Thursday, July 14, 2011

Writers in love: walking in New York and the light of Los Angeles

In the past two months Flavorwire has collected bouquets of literary love letters to America’s two largest cities—and we couldn’t let them go unrequited. In May Kathleen Massara assembled memorable quotes from F. Scott Fitzgerald, E. B. White, Ralph Ellison, Gary Shteyngart, Colum McCann, Joseph O’Neill, Patti Smith, John Steinbeck, Don DeLillo, and Zadie Smith on different facets of New York City. The quote from Patti Smith’s Just Kids conjures with “Frank O’Hara territory” and reminds us of the long tradition of New York “walking around” poems that began with Walt Whitman. Phillip Lopate traced some of this history in his introduction to Writing New York: A Literary Anthology, the LOA’s motherlode of New York love:
Once Whitman perfected the catalogue or list, it became a favorite technique among New York poets for conveying sensory saturation.
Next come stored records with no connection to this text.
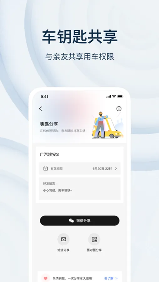 同时还可以生成多把钥匙分享给亲友,共享用车权限。
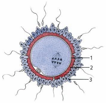 Sekundární oocyt ve stadiu II. zracího dělení. Spermie radiálně nahromaděné okolo oocytu se snaží proniknout mezi buňkami corona radiata kvajíčku. Jedna ze spermií pronikla skrze zona pellucida aje již vpřímém kontaktu smembránou oocytu. 1–buněčná membrána oocytu, 2 – zona pellucida, 3 – folikulární buňky corona radiata.
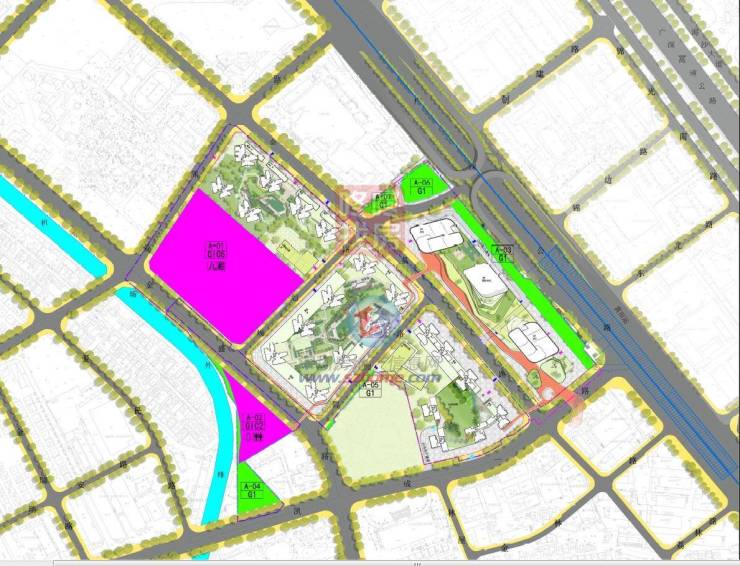 项目含3块居住用地,1块商业用地、1块教育设施用地,多块公园用地。

Whitman’s impact on later peripatetic city poets (such as Frank O’Hara, Charles Reznikoff, and James Schuyler) was vast, partly because the all-embracing, synthesizing persona he developed offered a solution to the problem of integrating the random stimuli of modern life. The walk poem is a species of travel literature in which the writer puts himself through culture shock in his own city.
Here is Whitman not just walking but traversing time in a passage from “Crossing Brooklyn Ferry”:
It avails not, time nor place—distance avails not,
I am with you, you men and women of a generation, or ever
        so many generations hence,
Just as you feel when you look at the river and sky, so I felt,
Just as any of you is one of a living crowd, I was one of a crowd,
Just as you are refresh’d by the gladness of the river and the bright
        flow, I was refresh’d,
Just as you stand and lean on the rail, yet hurry with the swift
        current, I stood yet was hurried,
Just as you look on the numberless masts of ships and the thick-
        stemm’d pipes of steamboats, I look’d.
In poems like “A Step Away from Them” and “The Day Lady Died,” Frank O’Hara built on Whitman’s walk poem to create “diary poems” that, in Lopate’s words “found some larger resonance in the trivia and detritus of the passing moment. You can hear Frank O'Hara, Patti Smith, and others read some “walking around” poems on this Poetry Foundation UbuWeb podcast.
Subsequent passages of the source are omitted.